John may be unseasoned in the ways of Puff, but he is not an unseasoned smoker and has a modest collection. He works in a very busy position with an IT firm and doesn't have a lot of free time, and when he does it is used for yard work, making beer and other things...so don't expect to HEAR a lot from John, but DO expect to see his name and cigars in our bombing runs...like the quiet fart that Terry lets out in his office when dealing with the deceased families, he is silent BUT DEADLY! :boom::boom::boom::boom::boom::boom::boom::boom:


----------



## primetime76 (Feb 8, 2011)

Bunker said:


> Welcome should be arriving.........
> 
> ....right about now!
> 
> ...


Damn, I saw Claremont NH and got a little worried...but alas, though I live in Claremont my address on here is not Claremont at all...it appears that John has been initiated! LOL


----------



## ProbateGeek (Oct 13, 2010)

primetime76 said:


> . . . doesn't have a lot of free time, and when he does it is used for yard work, *making beer* and other things...


Then welcome all the more - anyone who makes their own beer (provided it's not lager) is fine by me!



primetime76 said:


> ...like the quiet fart that Terry lets out in his office when dealing with the deceased families, he is silent BUT DEADLY!


But this is typical New Hampshire, through and through...hwell:

<and by the way - I'm a partner. Mine don't have to be silent!>


----------



## primetime76 (Feb 8, 2011)

ProbateGeek said:


> Then welcome all the more - anyone who makes their own beer (provided it's not lager) is fine by me!
> 
> But this is typical New Hampshire, through and through...hwell:
> 
> <and by the way - I'm a partner. Mine don't have to be silent!>


Ooooh, you are a "partner"! Good for you...did you fellas get married in Washington? I hear that it is beautiful! Congrats to the happy couple! :kev:


----------



## primetime76 (Feb 8, 2011)

ProbateGeek said:


> Then welcome all the more - anyone who makes their own beer (provided it's not lager) is fine by me!
> 
> But this is typical New Hampshire, through and through...hwell:
> 
> <and by the way - I'm a partner. Mine don't have to be silent!>


Some killer stouts! Also did a raspberry wheat beer that came out amazingly. He makes some pretty good sh*t, that is for sure. I might be sensing another beer bomb when he gets his final set up going....can probably make that happen.


----------



## jfhall (May 29, 2011)

primetime76 said:


> Some killer stouts! Also did a raspberry wheat beer that came out amazingly. He makes some pretty good sh*t, that is for sure. I might be sensing another beer bomb when he gets his final set up going....can probably make that happen.
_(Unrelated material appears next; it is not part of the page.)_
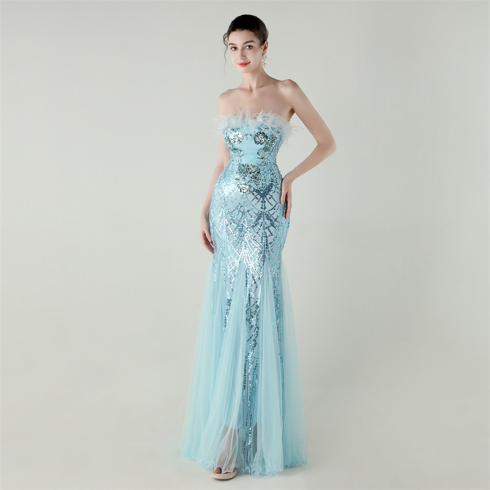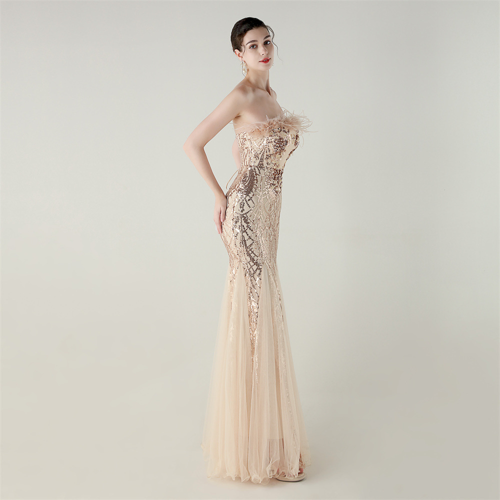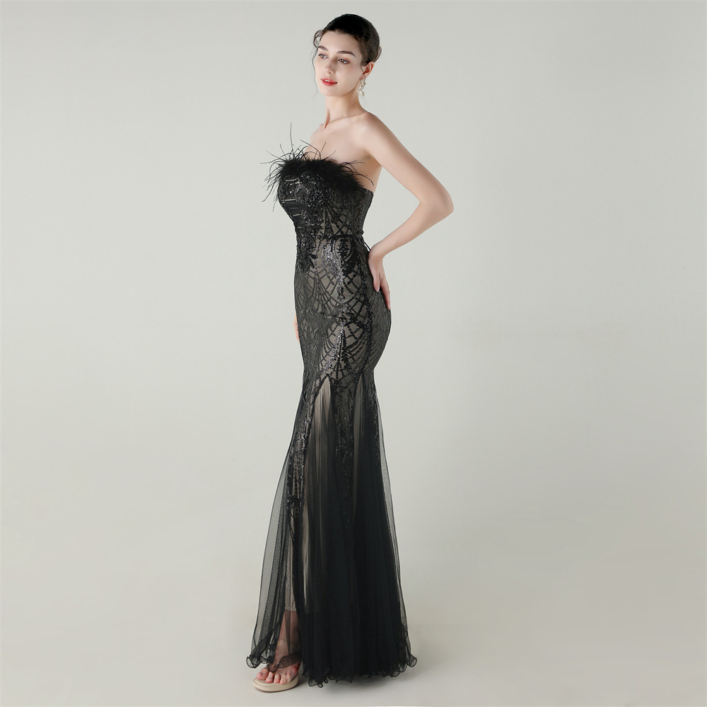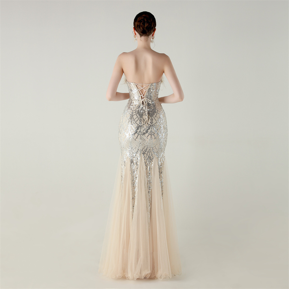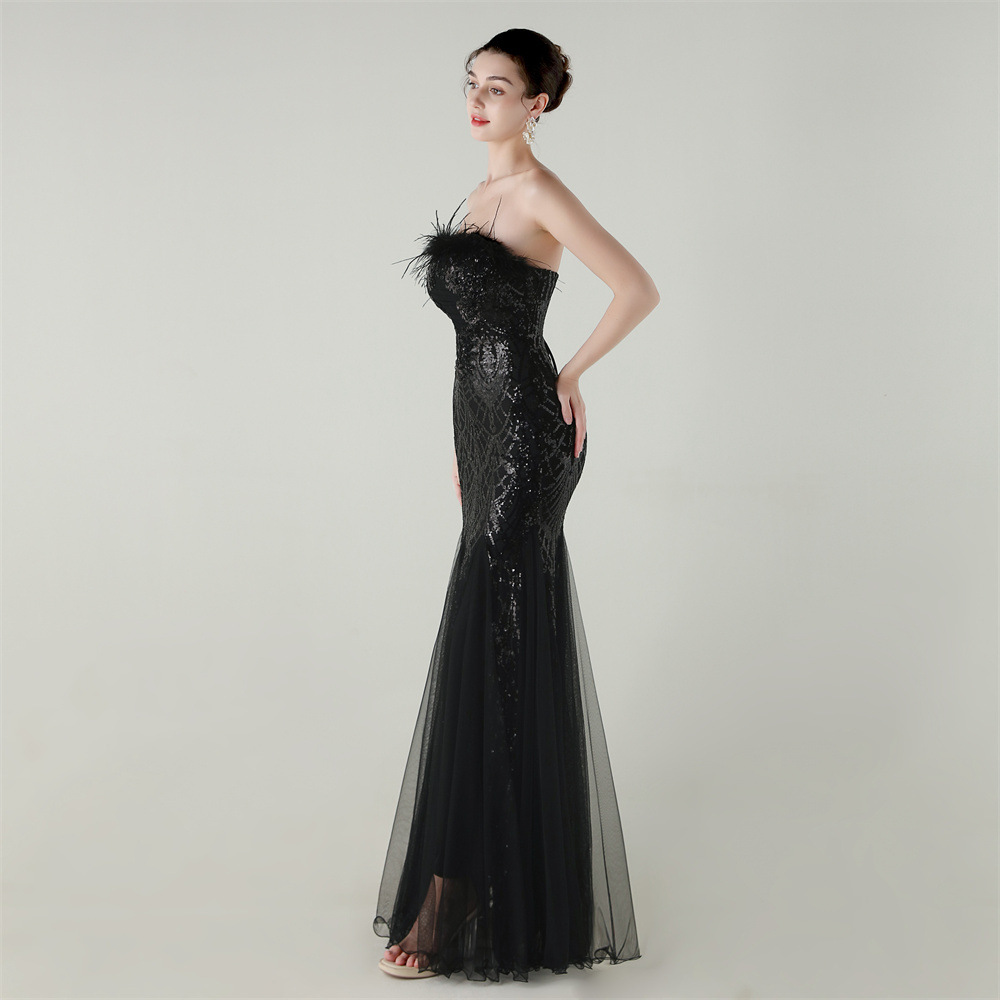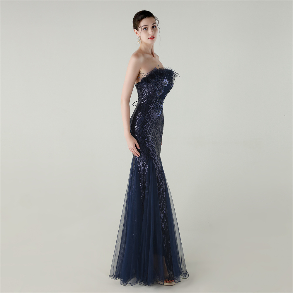 This Women Sequined Tube Flower Ostrich Feather Strapless Cross Lace-Up Mesh Formal Party Fishtail Evening Dress Design Made Of Good Quality Polyester And Spandex Material, Which Is Stretchy, Durable And Comfortable. The Long Evening Dresses And Gowns Is Always The main Choice For All Kinds Of Parties, Cocktail, Prom, Events, And Dating Occasions. Evening Gowns At BamBam Comes With Huge Selections - Sequins, Beaded, Satin, Velvet, Lace.... When You Need retail Evening Dresses, BamBam retail Women Garment Online Shop Is Your One-Stop Online Shopping Choice.

If there is one thing I'm all about, it's beer! I'm rebuilding my setup right now and haven't brewed for over 6 months but I will be back at it once I get the yard in shape from winter. Cigar/Beer bombs ?!?!?! I think that can happen - the beer should make it okay if it's packed well...
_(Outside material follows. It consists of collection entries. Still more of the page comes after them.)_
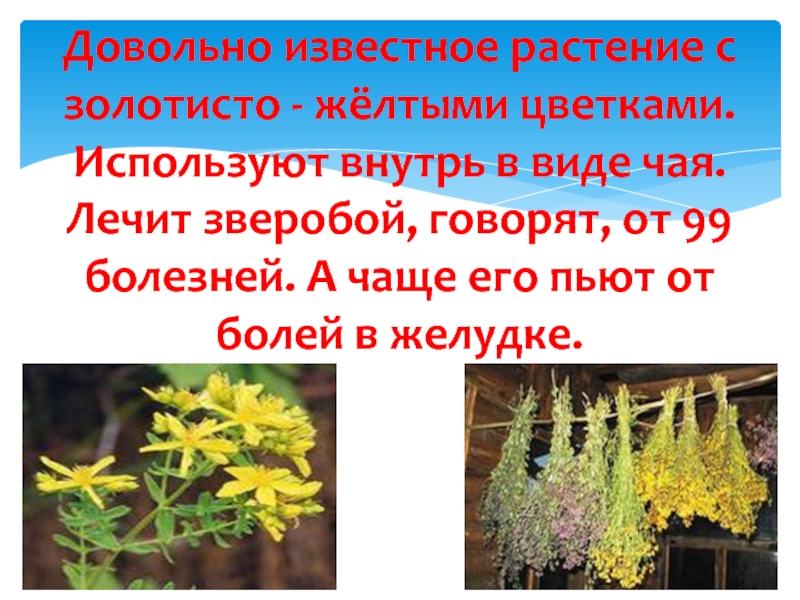 виде чая. Лечит зверобой, говорят, от 99 болезней. А чаще его пьют от болей в желудке.
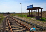 Pohled na zastávku od přejezdu, vlevo strážní domek č.21 (9/2015)
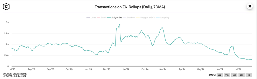 ZKsync (ZK) heeft de afgelopen maanden een sterke daling in netwerkactiviteit doorgemaakt. Het Layer-2 (L2)-protocol is getuige geweest van een scherpe daling van de gebruikersvraag en bereikte het laagste punt year-to-date.
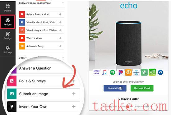 现在,让我们添加一些动作。赠送行为是用户参加比赛的方式,比如在社交媒体上分享一篇文章,或者订阅你的播客。
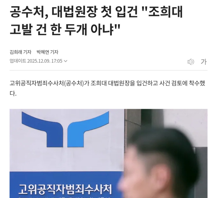 사법부 수장인 조희대 대법원장이 9일 고위공직자범죄수사처(공수처)에 입건됐다. 현직 대법원장의 입건은 헌정 사상 처음이다.
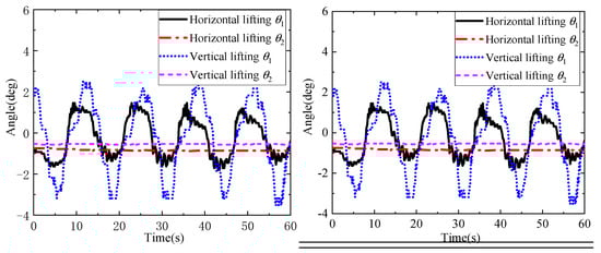 From Figure 14, it can be seen that, when using the flexible cable parallel anti-swing system for lifting DMP with regular shape and mass distribution, the maximum values of the in-plane and out-of-plane angles of the payload during vertical lifting are −3.517° and −0.571°, respectively. The maximum values of the in-plane and out-of-plane angles of the payload during horizontal lifting are −1.847° and −0.862°, respectively, with the in-plane angle decreasing by 47.5% and the out-of-plane angle increasing by 50.9% to 0.862°; the change is not more than 1°. Based on the above results, horizontal lifting has a better effect on reducing swing; therefore, for large DMP, horizontal lifting is generally selected, which can not only lower the centre of gravity, but also improve the anti-swing control effect to ensure the safety of lifting operations.
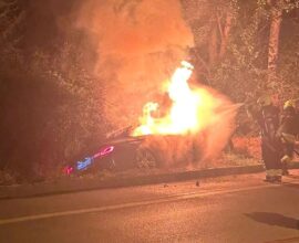 Kaza yapan otomobil alev alev yandı
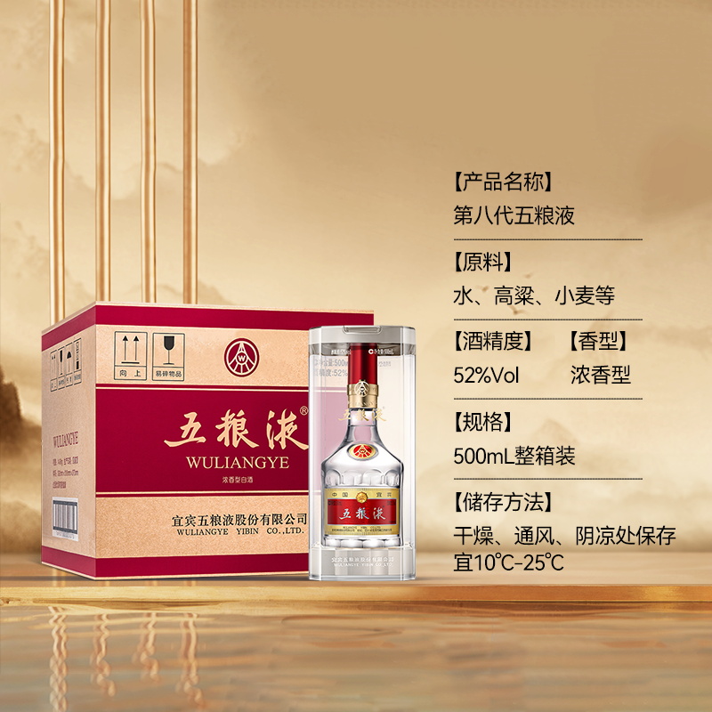 【官方授权】第八代五粮液普五52度浓香型500ml*6瓶原箱发货礼袋

Great.... Now I'm thirsty....


----------



## David_ESM (May 11, 2011)

Herf N Turf said:


> Welcome, John! Any friend of Kipp' is a...
> 
> ...well, someone who needs to be watched, veeeery closely! :spy:


Couldn't have said it better myself... So I won't even try.

Welcome.


----------



## primetime76 (Feb 8, 2011)

jfhall said:


> If there is one thing I'm all about, it's beer! I'm rebuilding my setup right now and haven't brewed for over 6 months but I will be back at it once I get the yard in shape from winter. Cigar/Beer bombs ?!?!?! I think that can happen - the beer should make it okay if it's packed well...
> 
> Great.... Now I'm thirsty....


I did a beer (Harpoon) bomb to Justin on the left coast a while back and 5 out of the 6 made it...of course you have to lie to the Post Office about sending liquid because they frown on that, but if we packed it up really well (like shoved it up the worlds softest ducks ass) then it should be able to make it, I would think. I am thirsty too...


----------



## ProbateGeek (Oct 13, 2010)

primetime76 said:


> I did a beer (Harpoon) bomb to Justin on the left coast a while back and 5 out of the 6 made it...of course you have to lie to the Post Office about sending liquid because they frown on that, but if we packed it up really well (like shoved it up the worlds softest ducks ass) then it should be able to make it, I would think. I am thirsty too...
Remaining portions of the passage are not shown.